Cytotoxicity of AgNPS: MTT assay was conducted to evaluate the potential cytotoxic effect of AgNPS on breast MCF-7 cancer cell line. These cell lines were exposed to various doses of AgNPs for 24, 48, and 72 h. The results revealed that AgNPs significantly decreased the viability of malignant cells based on time and dose (P < 0.05). This cytotoxic effect was detected within a 24-h duration, which continued to extend up to the next 72 h. The survival rates of MCF-7 cells was approximately 76, 48 and 26% after exposure to 10, 20 and 40 µg/mL of AgNPs for 48 h, respectively (Figure 6). AgNPs IC50 values of MCF-7 cells were 20.27 µg/mL and 12 µg/mL for 48 and 72 h, respectively.
According to the results of this study, silver nanoparticles have a toxic effect on cancer cells, which can be due to the relatively acidic environment of tumor cells, which causes the fast release of silver ions from silver nanoparticles (25). Besides, the toxic effects of silver ions on cancer cells can be due to the reaction of silver atoms with domains of proteins, as well as nitrogenous bases and phosphate groups of DNA molecules (26).
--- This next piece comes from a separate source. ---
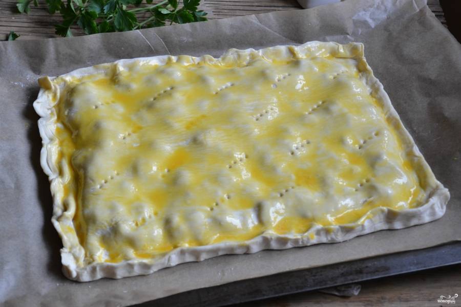 Накройте пирог вторым листом раскатанного теста. Скрепите края. Сделайте 6-8 проколов вилкой по поверхности пирога и смажьте взбитым яйцом. Отправьте пирог в разогретую духовку на 25 минут.

Several studies and evidence suggest the induction of apoptosis due to the use of silver nanoparticles in cancer cells (27-29). Silver nanoparticles seem to produce free radicals through releasing Ag ions. Free radicals with DNA damage and mitochondrial membrane destruction cause cytochrome c release and finally induce apoptosis from the mitochondrial pathway (30).